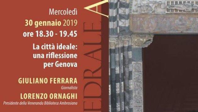 Mercoledì 30 gennaio torna l'appuntamento con Cattedrale Aperta, il secondo per questo anno pastorale. Alle ore 18.30 Giuliano Ferrara, giornalista, e Lorenzo Ornaghi, Presidente della Veneranda Biblioteca Ambrosiana, intervengono sul tema “La città ideale: una riflessione per Genova”. Conclusioni affidate al Card. Angelo Bagnasco.
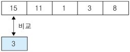 ① 첫 번째 데이터인 15와 찾고자 하는 3이 같은지 비교하는데, 다르므로 다음으로 이동한다.
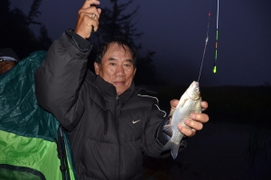 | 보트에서 조사님이 36cm급 붕어를 낚아냅니다. |
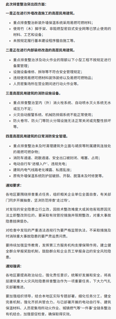 日前,国务院安委会印发通知,部署开展高层建筑重大火灾风险隐患排查整治行动,聚焦有人员居住和活动的高层民用建筑(包括居民住宅建筑和办公、医疗、商业等公共建筑)开展排查整治,特别是正在进行外墙改造施工和内部局部装修改造的高层民用建筑,全面加强高层建筑消防安全管理,切实保障人民群众生命财产安全。(央视新闻)

> [Exercise details]:
Make an exact copy of the listing above. Its pictures are not needed.

> [Answer to the problem]:
 Mercoledì 30 gennaio torna l'appuntamento con Cattedrale Aperta, il secondo per questo anno pastorale. Alle ore 18.30 Giuliano Ferrara, giornalista, e Lorenzo Ornaghi, Presidente della Veneranda Biblioteca Ambrosiana, intervengono sul tema “La città ideale: una riflessione per Genova”. Conclusioni affidate al Card. Angelo Bagnasco.
 ① 첫 번째 데이터인 15와 찾고자 하는 3이 같은지 비교하는데, 다르므로 다음으로 이동한다.
 | 보트에서 조사님이 36cm급 붕어를 낚아냅니다. |
 日前,国务院安委会印发通知,部署开展高层建筑重大火灾风险隐患排查整治行动,聚焦有人员居住和活动的高层民用建筑(包括居民住宅建筑和办公、医疗、商业等公共建筑)开展排查整治,特别是正在进行外墙改造施工和内部局部装修改造的高层民用建筑,全面加强高层建筑消防安全管理,切实保障人民群众生命财产安全。(央视新闻)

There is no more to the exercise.